Math Help - Logarithm Equation

1. Logarithm Equation

Solve $\lg(4^p - 4) - p\lg2 = \lg3$
I am supposed to do corrections for this question but I do not know how.
The correct answer is $p = 2$
Here are the steps I have done:
$\lg(4^p - 4) - p\lg2 = \lg3$
$\lg(4^p - 4) - \lg2^p = \lg3
$

$\lg\frac{4^p - 4}{2^p} = \lg3$
$\frac{4^p - 4}{2^p} = 3$
$4^p - 4 = 2^p \times 3$
$\frac{2^{2p} - 4}{2^p} = 3$
$\frac{2^{2p}}{2^p} - \frac{4}{2^p} = 3$
$2^p - 2^{2 - p} = 3$
$2^p(1 - 2^{2 - 1}) = 3$
$2^p = -3$

Any help would really be appreciated, thank you very much in advance!

2. $2^p - 2^{2 - p} = 3$

This line cannot become:

$2^p(1 - 2^{2 - 1}) = 3$

it becomes:

$2^p(1 - 2^{2 - 2p}) = 3$

$2^{p} - \dfrac{4}{2^p} = 3$

From here, you can use a substitution of the form y = 2^p

$y - \dfrac{4}{y} = 3$

Now, can you continue?

EDIT: Oops, sorry mr fantastic

3. Originally Posted by caramelcake
I am supposed to do corrections for this question but I do not know how.
The correct answer is $p = 2$
Here are the steps I have done:
$\lg(4^p - 4) - p\lg2 = \lg3$
$\lg(4^p - 4) - \lg2^p = \lg3
$

$\lg\frac{4^p - 4}{2^p} = \lg3$
$\frac{4^p - 4}{2^p} = 3$
$4^p - 4 = 2^p \times 3$
$\frac{2^{2p} - 4}{2^p} = 3$
$\frac{2^{2p}}{2^p} - \frac{4}{2^p} = 3$
$2^p - 2^{2 - p} = 3$
$2^p(1 - 2^{2 - 1}) = 3$ Mr F says: This line is wrong.

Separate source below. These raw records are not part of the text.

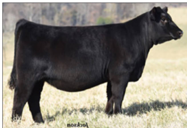
Burks 7325 Proven Queen 131G - Lot 24

131G is from the Proven Queen cow family and sired by the $450,000 Coleman Bravo 6313 who is setting the new standard for maternal excellence. She is sure to impress you with her volume, capacity and tremendous spring of rib. We think this one has a bright future. • BW 90 lbs., Adj WW 633 lbs., OCV • Sells OPEN • View her video on the For Sale page at burkscattle.com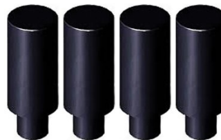
W08515 38mm Material Stop (Spigot Type)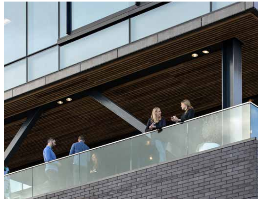
B Shared open space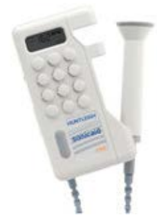
Huntleigh Fetal Dopplex II 2MHz Doppler W/ Probe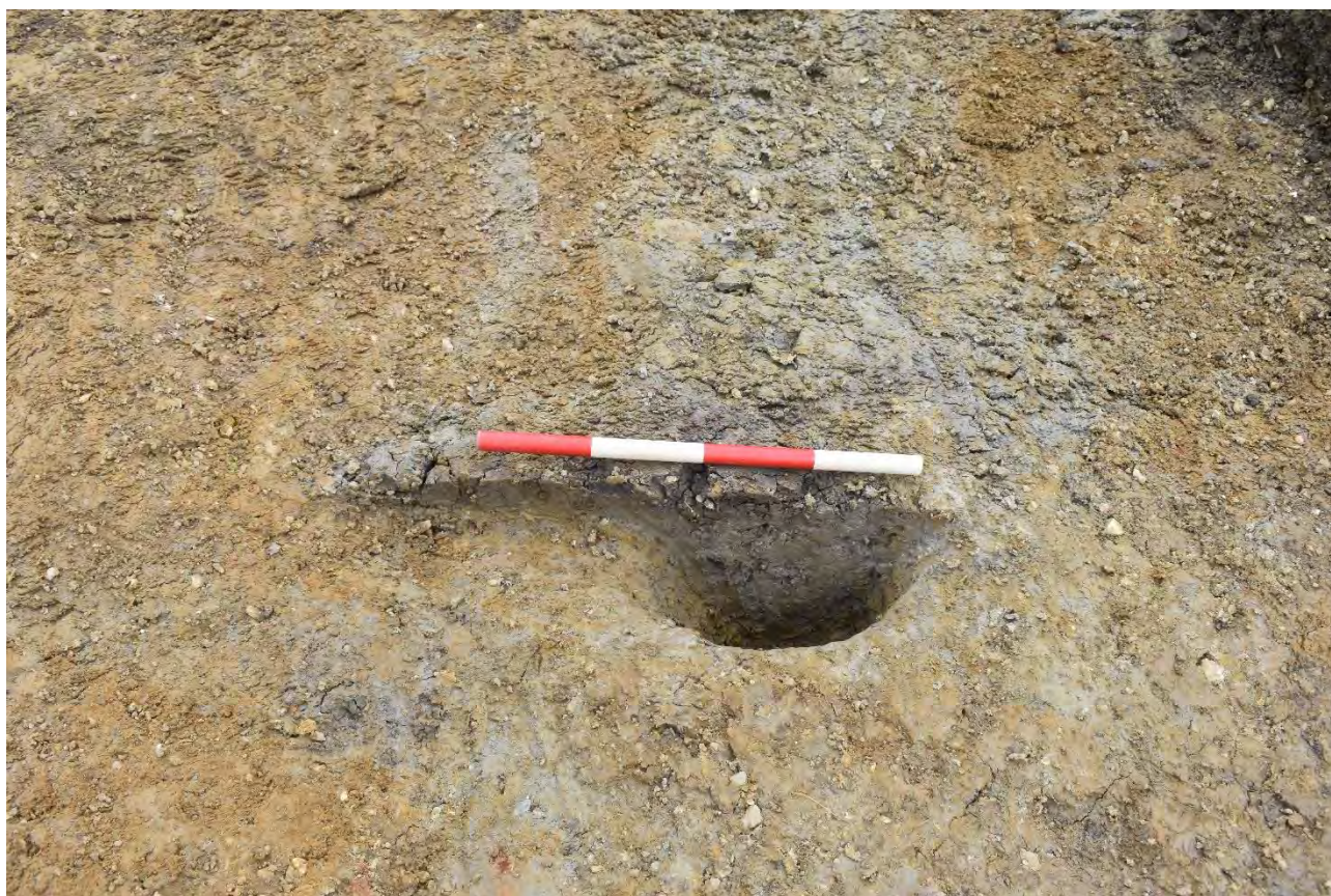
Plate 3.48: Trench 220. Pit [22005]. Looking east.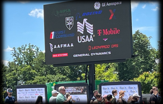
Thank You Sponsor Video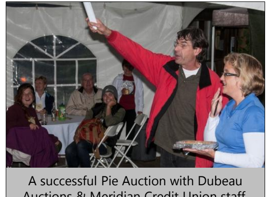
Auctions & Meridian Credit Union staff.

The 9th year of the Challenge was a record year for species! Eleven teams collectively raised over $22,000 for the stewardship of the Carden Alvar and spotted 158 bird species in 24 hours.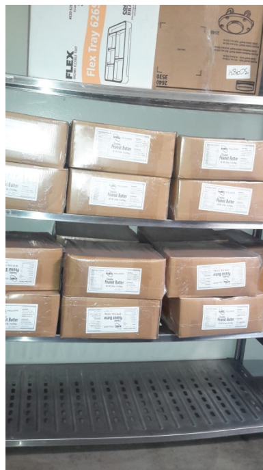
Case of Peanut Butter Packets- 35 lbs. From 12" to 48"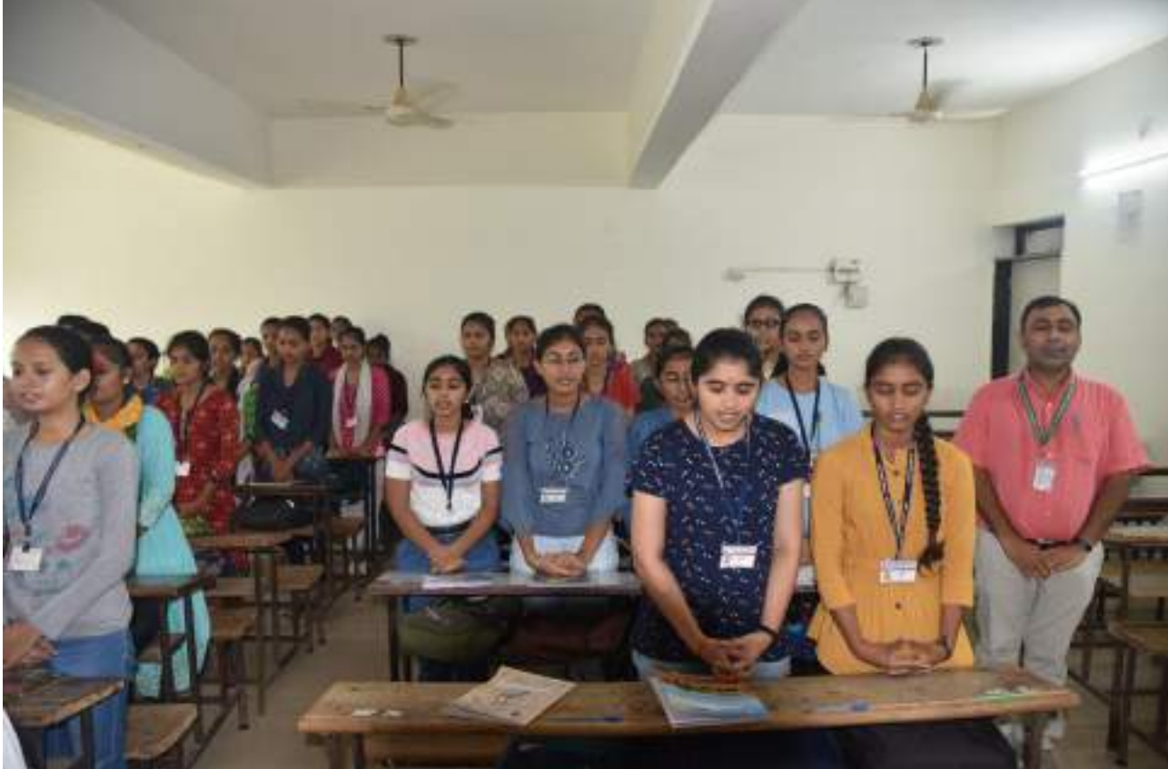
Total number of participants: 80 Students.

Expand it out to see why. $2^p 2^{1} \neq 2^{2-p}$.
$2^p = -3$

Any help would really be appreciated, thank you very much in advance!
$4^p - 4 = 2^p \times 3$

$\Rightarrow (2^{p})^2 - 3 \times 2^p - 4 = 0$

$\Rightarrow (2^p - 4)(2^p + 1) = 0$

etc.

4. Originally Posted by caramelcake
I am supposed to do corrections for this question but I do not know how.
The correct answer is $p = 2$
Here are the steps I have done:
$\lg(4^p - 4) - p\lg2 = \lg3$
$\lg(4^p - 4) - \lg2^p = \lg3
$

$\lg\frac{4^p - 4}{2^p} = \lg3$
$\frac{4^p - 4}{2^p} = 3$
$4^p - 4 = 2^p \times 3$
$4^p= (2^2)^p= (2^p)^2$ so you can think of $4^p- 3(2^p)- 4= (2^p)^2- 3(2^p)- 4= 0$ as a quadratic equation for $2^p$. As Unknown008 (who is that masked man?) suggested, let $y= 2^p$ and you get $y^2- 3y- 4= 0$. Solve that quadratic equation for y and then solve $2^p= y$ for p.

$\frac{2^{2p} - 4}{2^p} = 3$
$\frac{2^{2p}}{2^p} - \frac{4}{2^p} = 3$
$2^p - 2^{2 - p} = 3$
$2^p(1 - 2^{2 - 1}) = 3$
$2^p = -3$

Any help would really be appreciated, thank you very much in advance!

5. I'm not masked, I'm Jerry

6. Thank you everybody! I am very touched by the number of responses to my question. Sorry for not replying earlier, I am not really feeling well today.

7. It's okay, we're glad to help

8. Originally Posted by Unknown008
$2^p - 2^{2 - p} = 3$
at this point either p or 2-p have to be 0, since the difference of 2 powers of 2 give an odd number only if the power of one is 0. also p cannot be zero since then 2-p=2 which gives -3.